- Interactive map of Forbregd/Lein
- Forbregd/Lein Forbregd/Lein
- Coordinates: 63°48′37″N 11°33′13″E﻿ / ﻿63.8103°N 11.5537°E
- Country: Norway
- Region: Central Norway
- County: Trøndelag
- District: Innherred
- Municipality: Verdal Municipality

Area
- • Total: 0.41 km^{2} (0.16 sq mi)
- Elevation: 98 m (322 ft)

Population (2024)
- • Total: 860
- • Density: 1,485/km^{2} (3,850/sq mi)
- Time zone: UTC+01:00 (CET)
- • Summer (DST): UTC+02:00 (CEST)
- Post Code: 7650 Verdal

= Forbregd/Lein =

Village in Verdal Municipality, Norway

Forbregd and Lein are two small adjoining villages in Verdal Municipality in Trøndelag county, Norway.
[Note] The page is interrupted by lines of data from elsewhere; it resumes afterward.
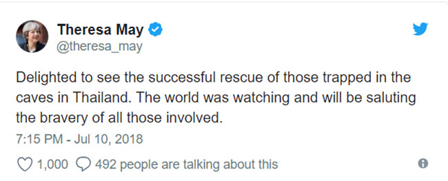 Hải quân Thái Lan viết trên Facebook rằng tất cả đã an toàn và chúng ta chờ nốt 4 "con ếch" ra khỏi hang. Con ếch ám chỉ 4 thành viên trong đội cứu hộ, bao gồm 1 bác sỹ và 3 thợ lặn đã túc trực cạnh các cậu bé trong 3 ngày qua.
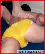 Showing a emerging heel streak that was only hinted at in his earlier matches, Chris targets Jean-Luc's ample and inviting bulge for special attention and abuse. He repeatedly tortures that sexy sack until sexy suffering Jean Luc is immobilized by the intense and ever-increasing pain emanating from his bulge and coursing through his mind and body! With his sexy singlet peeled down to expose his well-defined torso, Jean-Luc knows it's now do or die and decides to go on the attack. But he finds himself caught in a nasty full nelson! The submissions are coming faster now, and as Jean-Luc tries to collect himself, to make a comeback, Chris shows he will have none of that! Humiliation time!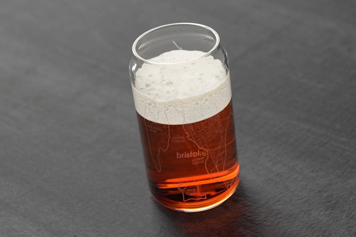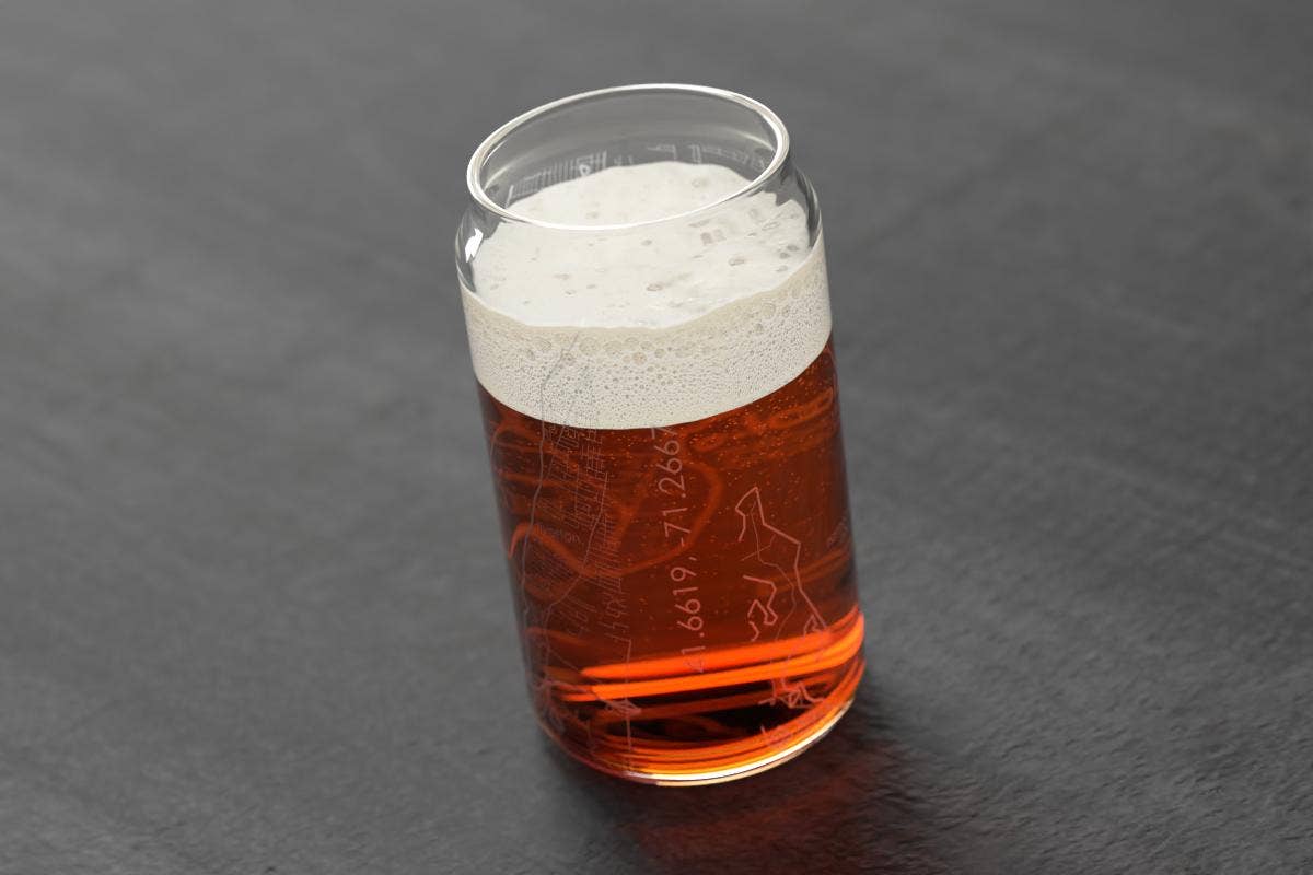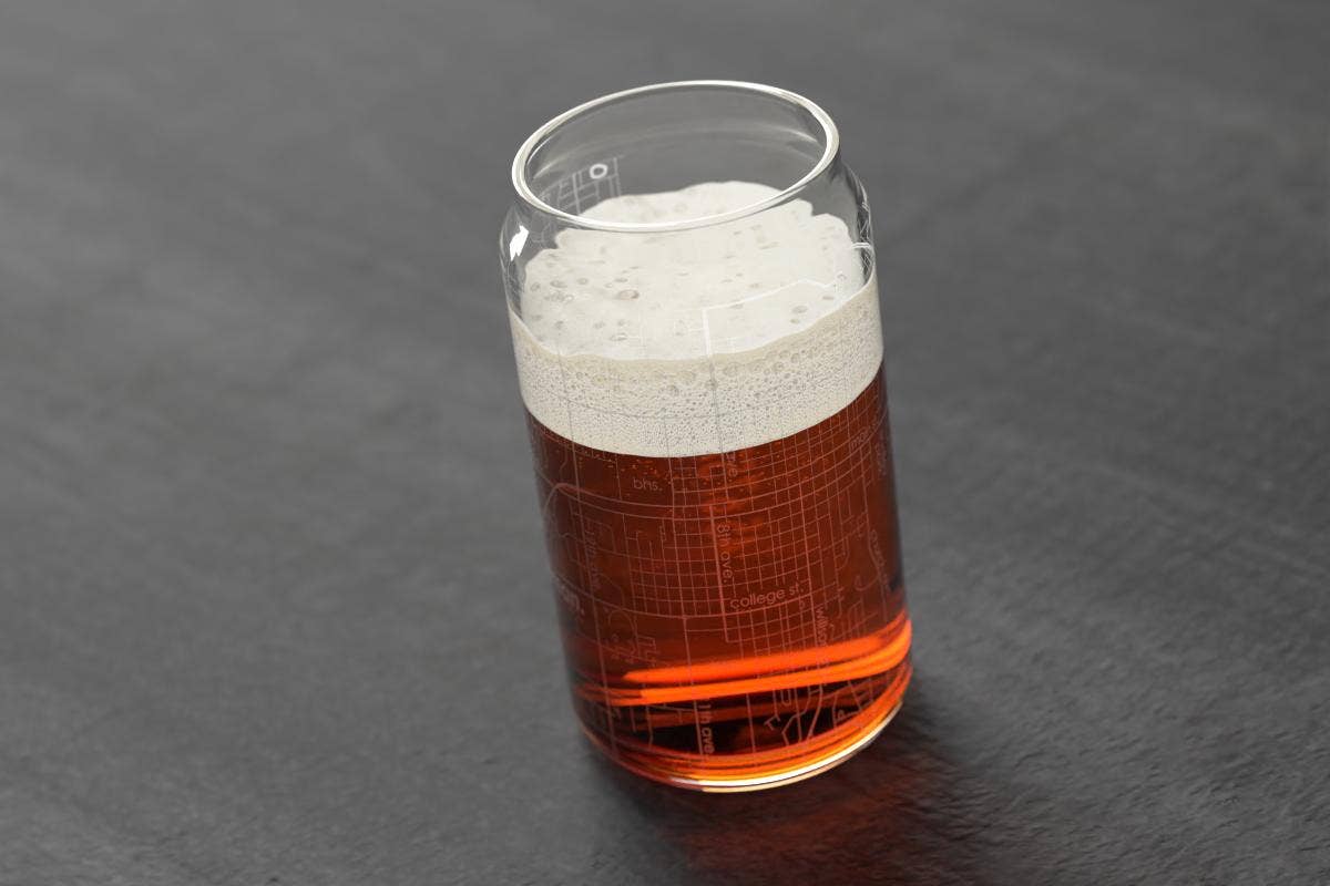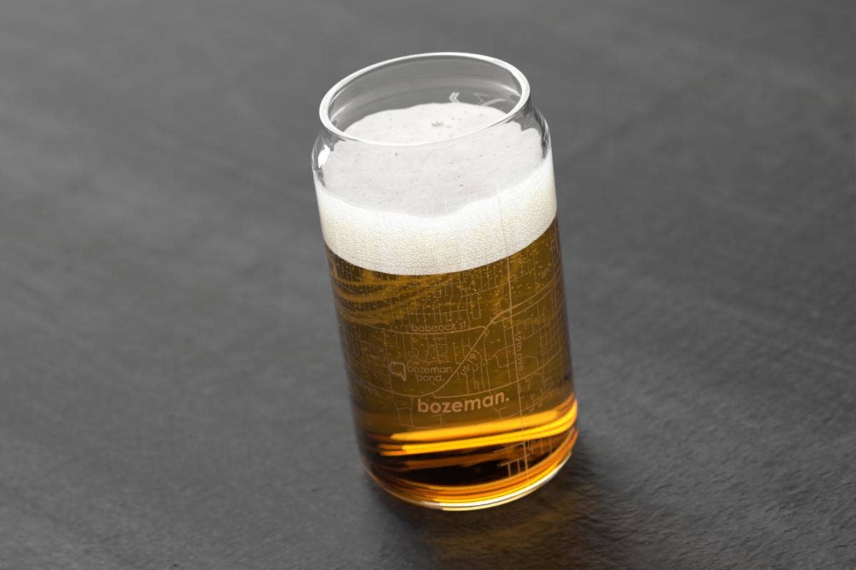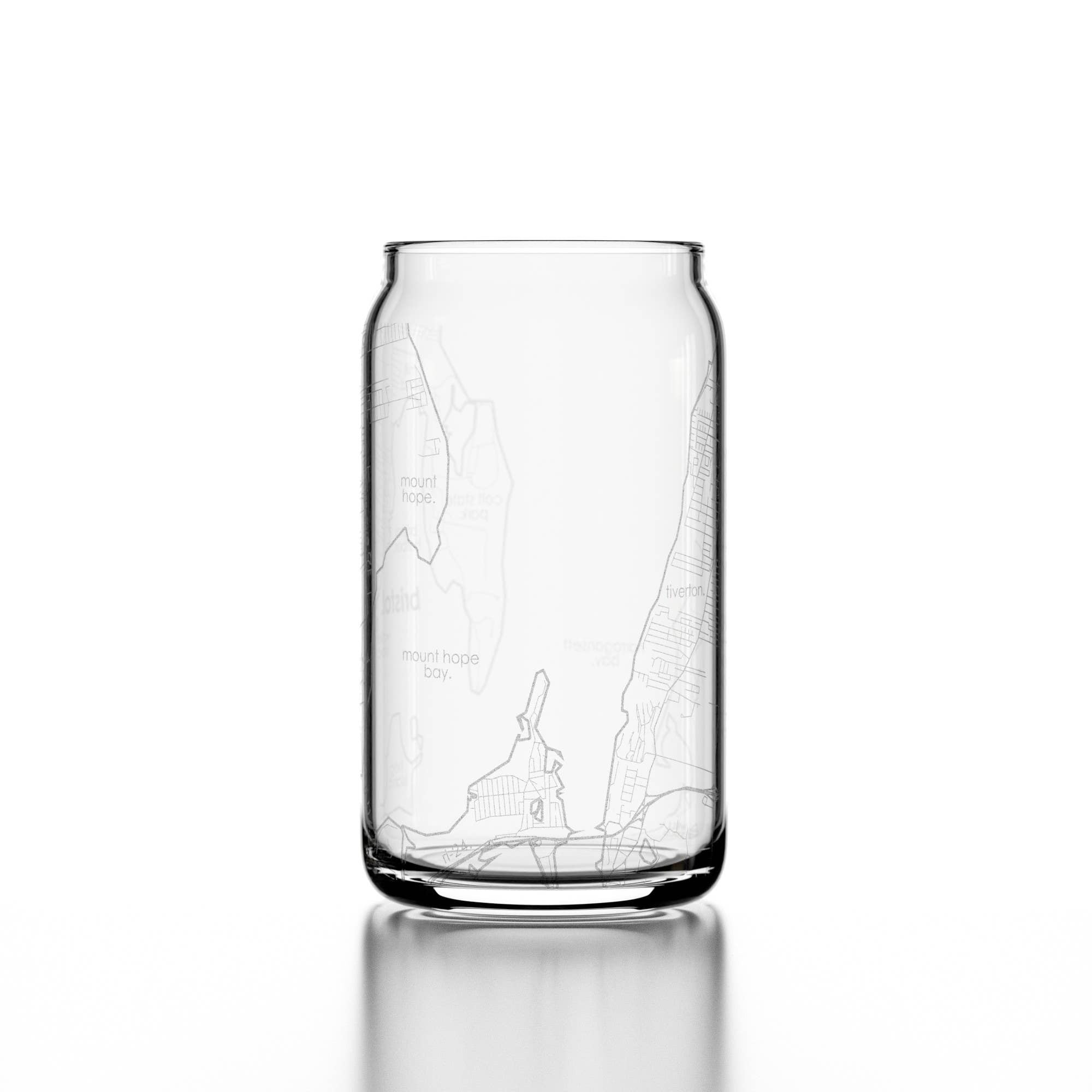 Our modern 16 oz Can Glass can be custom-made with a beautifully engraved map of ANY city or town in the U.S. In the classic profile shape of a beer/soda can it will truly transform your bar top.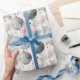 Papier Cadeau Décorations d'arbre de Noël Pastel Bleu & Blanc

Statistics Norway classifies the urban area as Forbregd/Lein. The village area is located about 4 km northeast of the town of Verdalsøra and about 2 km northwest of Stiklestad, along the southern shore of the lake Leksdalsvatnet.

The 0.41 km2 village has a population (2024) of 860 and a population density of 1485 PD/km2.